In May 2011, the FDA asked device manufacturers to obtain more information about the level at which the metal particles shed by hip replacements becomes dangerous, how much metal they actually shed and what the potential side effects of metallosis are.

4 Comments

  • MikeApril 23, 2012 at 4:12 pm

    I,ve had mine for only a year and 5 months.

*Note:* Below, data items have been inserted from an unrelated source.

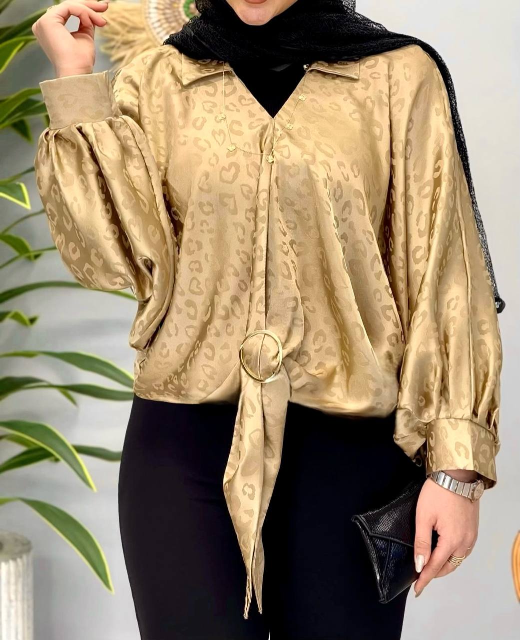 شومیز ساتن طرح پلنگی وارداتی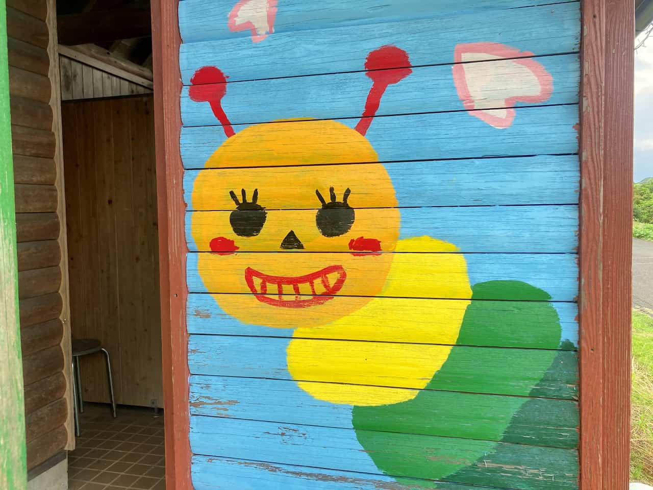 イモムシがひと文字ずつ形を作る“ワクワクトイレ”。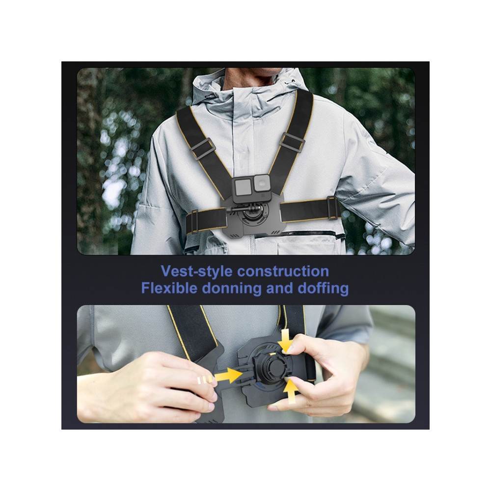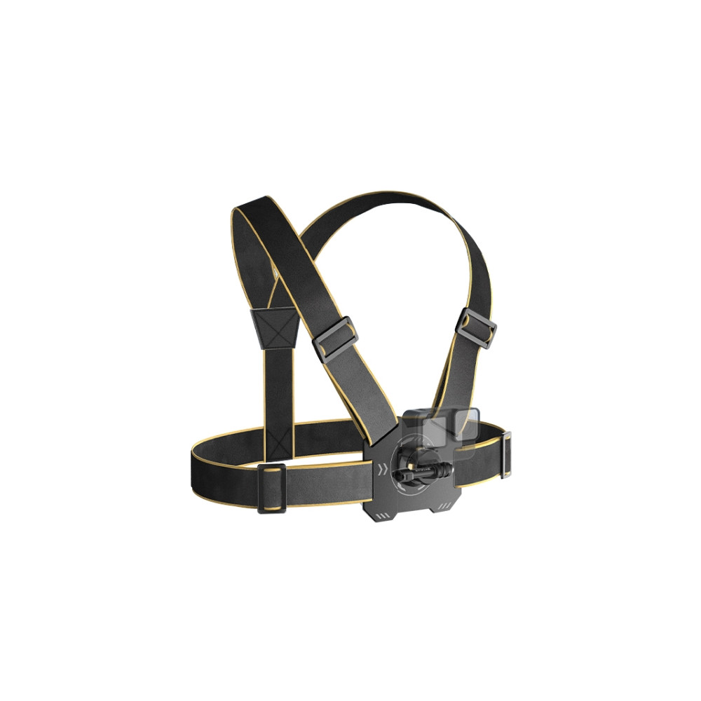 2. Hrudný popruh je vyrobený z priedušného a ľahkého materiálu, ktorý poskytuje maximálne pohodlie, ideálne na dlhodobé nahrávanie videa. Vďaka elastickému pásu a pracke na nastavenie veľkosti sa prispôsobí rôznym tvarom tela.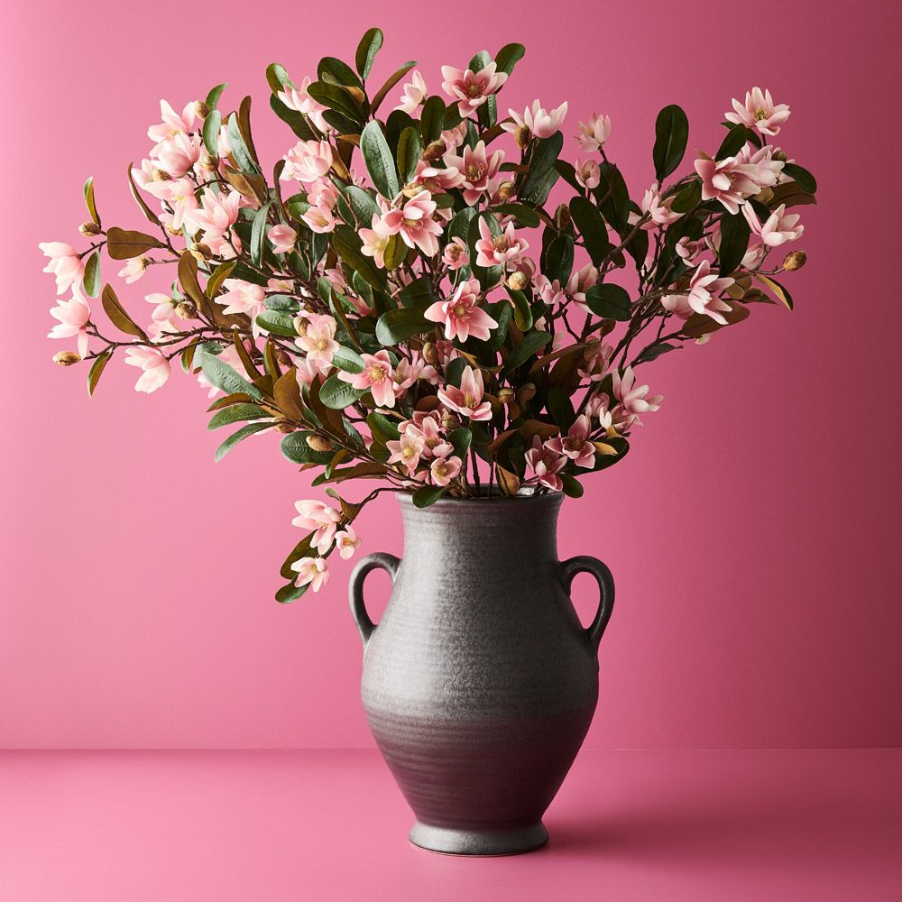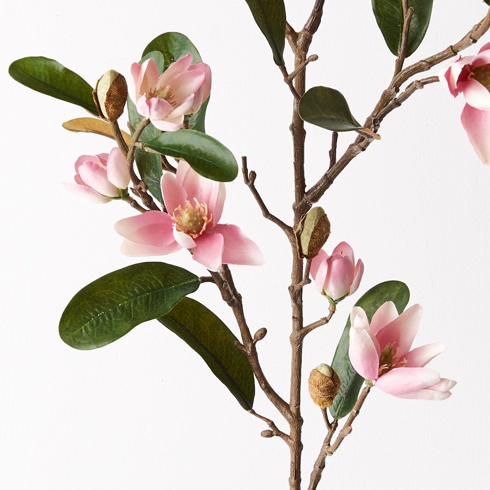 Bring warmth and vibrancy to your interior space with this gorgeous faux magnolia pearl spray in pink. Create a one of a kind artificial arrangement mixing with other stems or place in a decorative vase on its own. Being artificial, this magnolia pearl spray will offer lasting beauty with minimal maintenance, keep out of direct sunlight.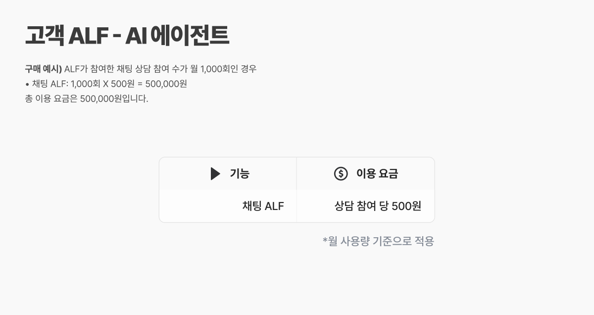 상담 참여당 과금이란: ALF가 최초 답변을 시작하고 ALF가 답변을 종료할 때까지를 1건으로 과금합니다. 담당자 연결 요청으로 상담이 열리거나 혹은 상담원이 개입하여 상담을 열거나 혹은 고객 답변으로부터 24시간이 지나 세션이 만료되면 ALF 답변이 종료됩니다.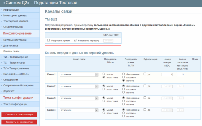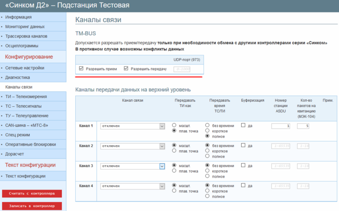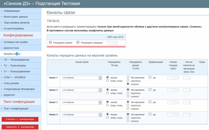 Если контроллер должен выдавать телеметрию в шину «TM-Bus» или на «верхний уровень», то необходимо установить признак «Разрешить передачу».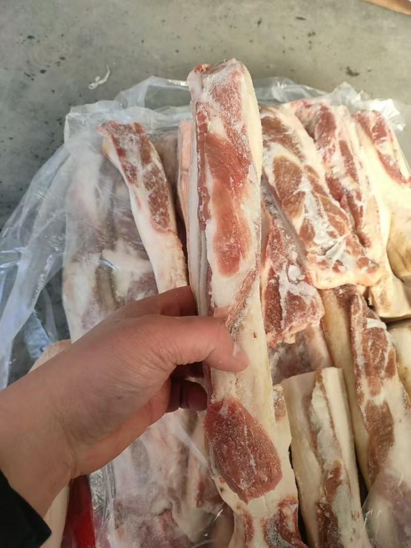 带皮五花肉条脊背切的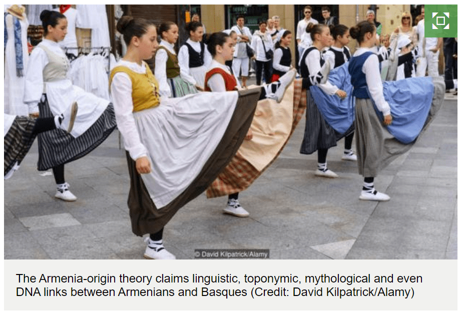 Etait-ce juste une coïncidence? De nombreux Arméniens pensent que ces similitudes ne le sont pas. Contrairement à la croyance populaire selon laquelle les Basques sont une île culturelle, la théorie d’origine arménienne revendique des liens linguistiques, toponymiques, mythologiques et même ADN entre les Arméniens et les Basques. Bien que cette théorie remonte à des siècles, elle a été récemment revigorée par le linguiste arménien Vahan Sargsyan, qui a publié de nombreux livres et études sur le sujet, dont un tout premier dictionnaire arméno-basque en 2001.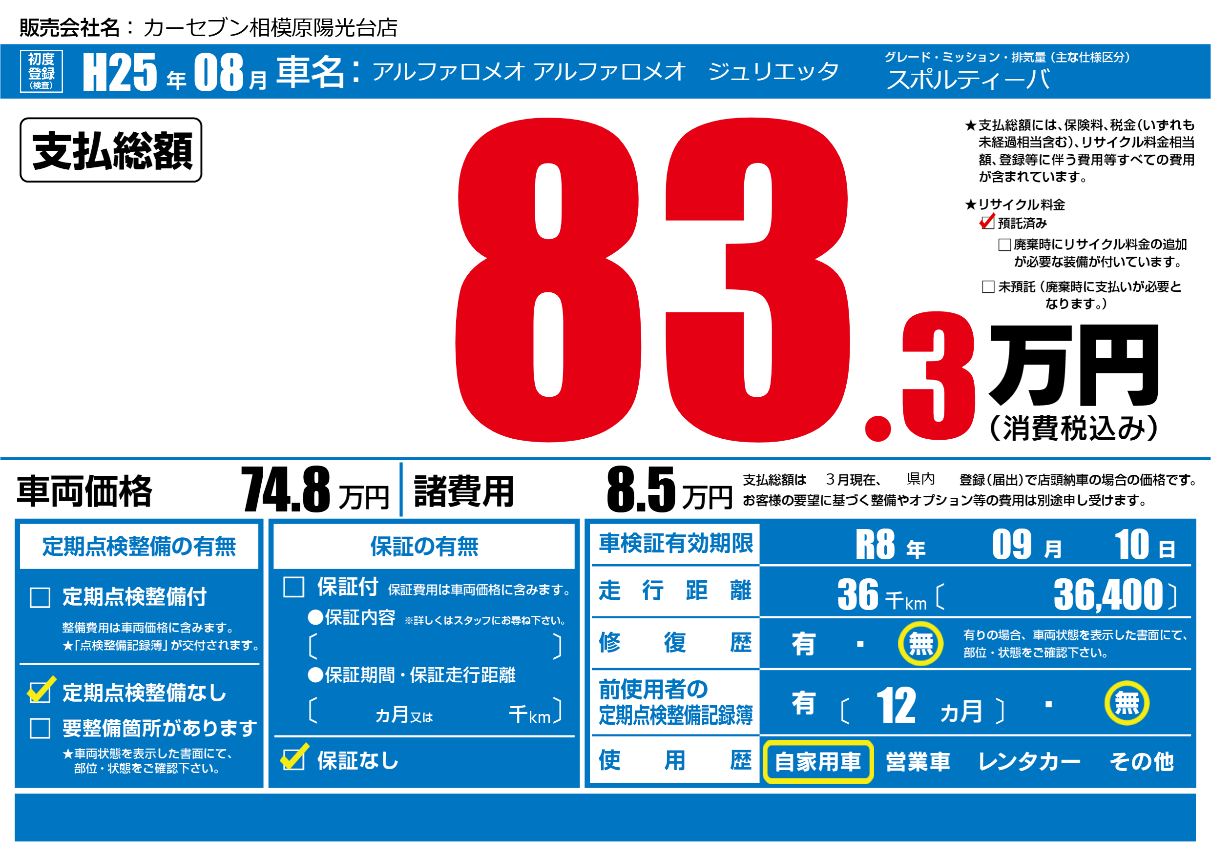 なし | 車検制限 | R8年09月10月 |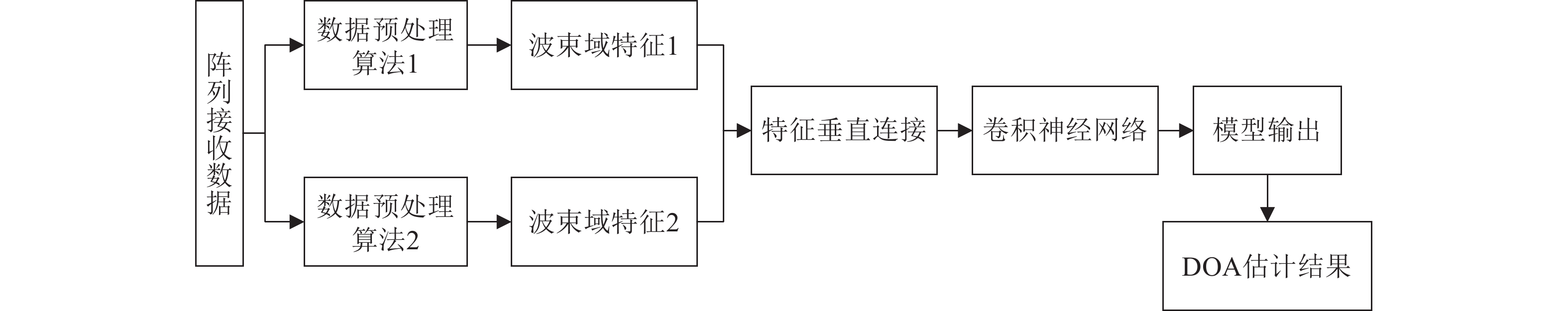 本文首先探讨了传统DOA估计算法的特点及不足, 给出数值仿真示例分析; 然后结合CNN, 引入特征融合技术, 利用水平阵实现了目标DOA估计, 提出了CNN-CBF、CNN-MVDR和基于CBF和MVDR两种特征融合的CNN-Ⅱ三种估计算法。针对CBF和MVDR两种波束域特征展开了数值仿真分析, 在不同阵元间隔及不同信噪比下讨论CNN模型的DOA估计性能; 利用海试数据对本文算法进行了性能评价。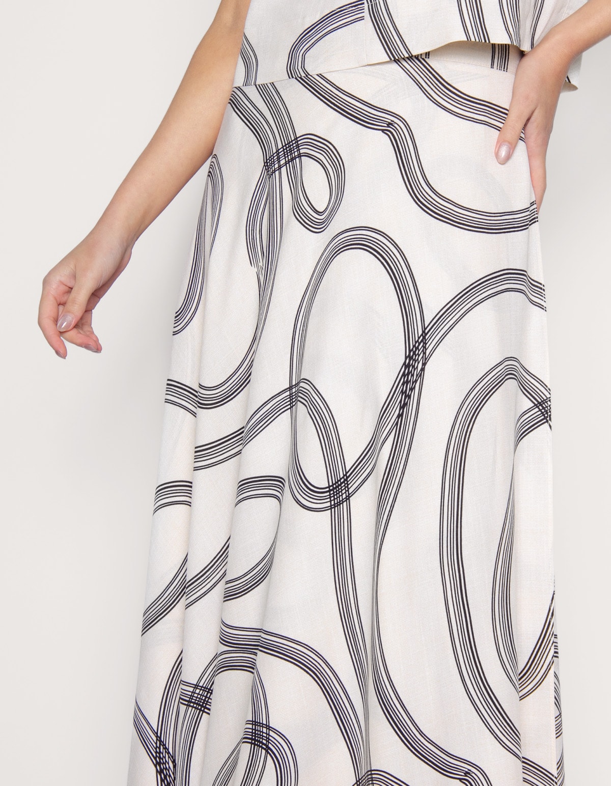Saia longa estampada transpassada envelope, sua cintura alta pode ser ajustada por uma faixa e por amarração, o que proporciona um ajuste personalizado e um toque de estilo. De tecido leve e fluido, proporciona um movimento delicado ao andar. O design simples e elegante, adequado para diversas ocasiões oferece conforto e sofisticação.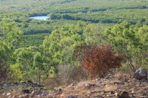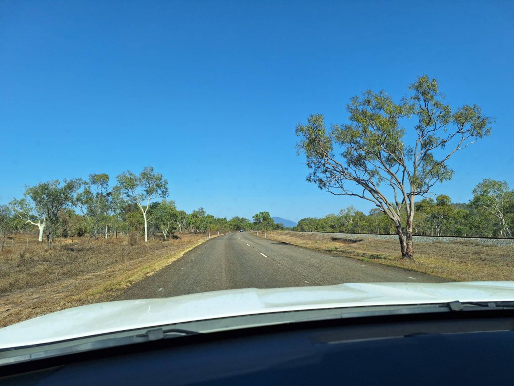 Langs A1 Bruce Highway naar beneden gezakt. Het valt meteen op hoeveel droger het hier overal is vergeleken met het eiland. Op veel plekken is het ook zwartgeblakerd door brand.

I am having a revision in two months because of mild to sever pain. My crommium and colbolt level .7 and .5. This will cost me my hardwoodfloor career of 30 years. I am very upset. Lawyers i,ve talked to don,t seem it,s a big deal ? I am hyber senstive to cemicals. The lawyer I have never returns my phone calls either.

  • ABDULAUNApril 1, 2012 at 3:13 am

    I had hip replacement of the same name and type on aug.07 2006;it seperated while in the hospital which cause me serious pain and so another implant was needed.Started having problems again for four years , then Feb. 2011 I had revision again but while in recovery rm xrays showed it had seperated again causing me to return to surgery.

  • JerryMarch 20, 2012 at 4:02 am

    You state mom hip are to get a recall on 3/13/12, will that be Biomet m2a??

  • deeFebruary 2, 2012 at 9:51 pm

    I filed a lawsuit against Biomet- I had emergency surgery in Dec. 2011 to revise my Magnum hip replacement device. I had it for 5 years, developed metallosis and tissue necrosis.